What the exercise asks: If you see a picture in the data below, omit it and copy the rest exactly.

───── Dataset section ─────

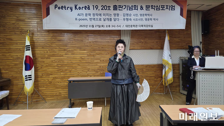 첫 번째 발표자로 나선 김명순 시인(영문학 박사, 대전문인총연합회 회장)은 'AI가 문학 창작에 미치는 영향'을 주제로 발표했다.김명순 박사는 "AI가 문학을 자동화하는 존재가 아니라, 창작의 기초 자료를 확장하고 시인의 내면을 더 깊게 들여다보는 촉매 역할을 할 수 있다"고 설명했다.
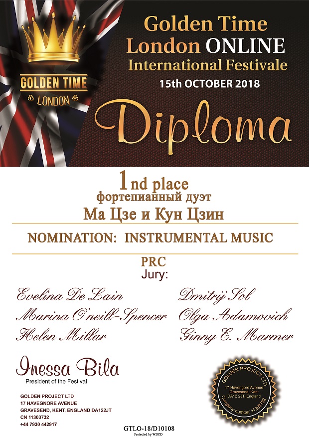 The results of the International Festival "GOLDEN TIME LONDON", which was attended by representatives of more than 15 countries, was announced on October 15, 2018 in London. At the festival South Ukrainian National Pedagogical University named after K. D. Ushynsky has been represented by Master’s Degree students of the Faculty of Music and Choreography. Ma Zee and Kun Jing (class of associate professor O. Yu. Horozhankina) in the piano duo have won the category "Instrumental genre" and become laureates of the 1st degree.
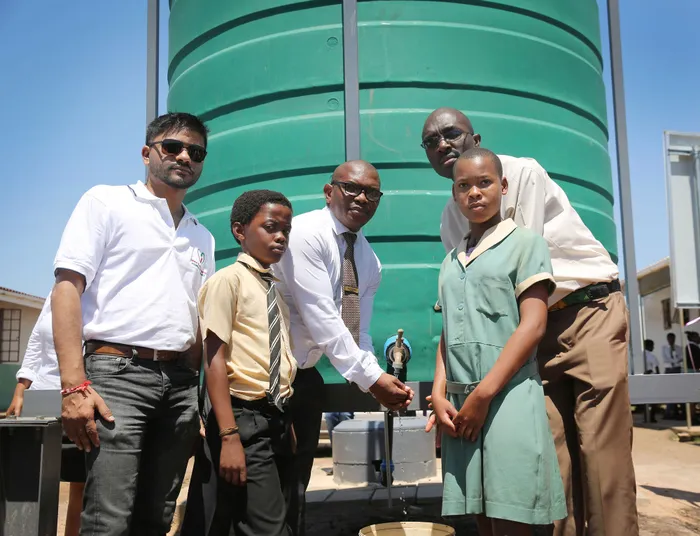 The New River combined school principal Sandile Ncube, councillor Mpilenhle Mkhize, sponsor Vidhor Mangaroo and two pupils, Ndumiso Mhlongo and Thalente Khubisa, enjoy the borehole water that was sponsored by the Ishwar and Laila Mangaroo Foundation Trust, at Mzinyathi, Durban. | Motshwari Mofokeng/African News Agency(ANA)
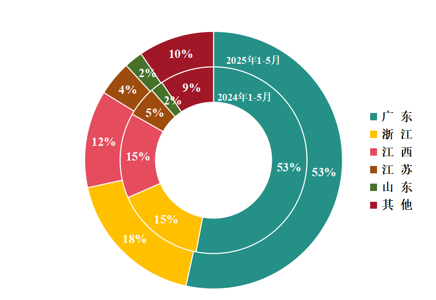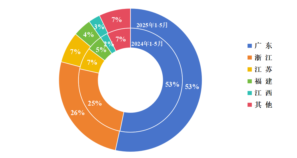 2025年1-5月规上企业照明器具制造出口交货值分地区占比

─────

Task solution:
 첫 번째 발표자로 나선 김명순 시인(영문학 박사, 대전문인총연합회 회장)은 'AI가 문학 창작에 미치는 영향'을 주제로 발표했다.김명순 박사는 "AI가 문학을 자동화하는 존재가 아니라, 창작의 기초 자료를 확장하고 시인의 내면을 더 깊게 들여다보는 촉매 역할을 할 수 있다"고 설명했다.
 The results of the International Festival "GOLDEN TIME LONDON", which was attended by representatives of more than 15 countries, was announced on October 15, 2018 in London. At the festival South Ukrainian National Pedagogical University named after K. D. Ushynsky has been represented by Master’s Degree students of the Faculty of Music and Choreography. Ma Zee and Kun Jing (class of associate professor O. Yu. Horozhankina) in the piano duo have won the category "Instrumental genre" and become laureates of the 1st degree.
 The New River combined school principal Sandile Ncube, councillor Mpilenhle Mkhize, sponsor Vidhor Mangaroo and two pupils, Ndumiso Mhlongo and Thalente Khubisa, enjoy the borehole water that was sponsored by the Ishwar and Laila Mangaroo Foundation Trust, at Mzinyathi, Durban. | Motshwari Mofokeng/African News Agency(ANA)
 2025年1-5月规上企业照明器具制造出口交货值分地区占比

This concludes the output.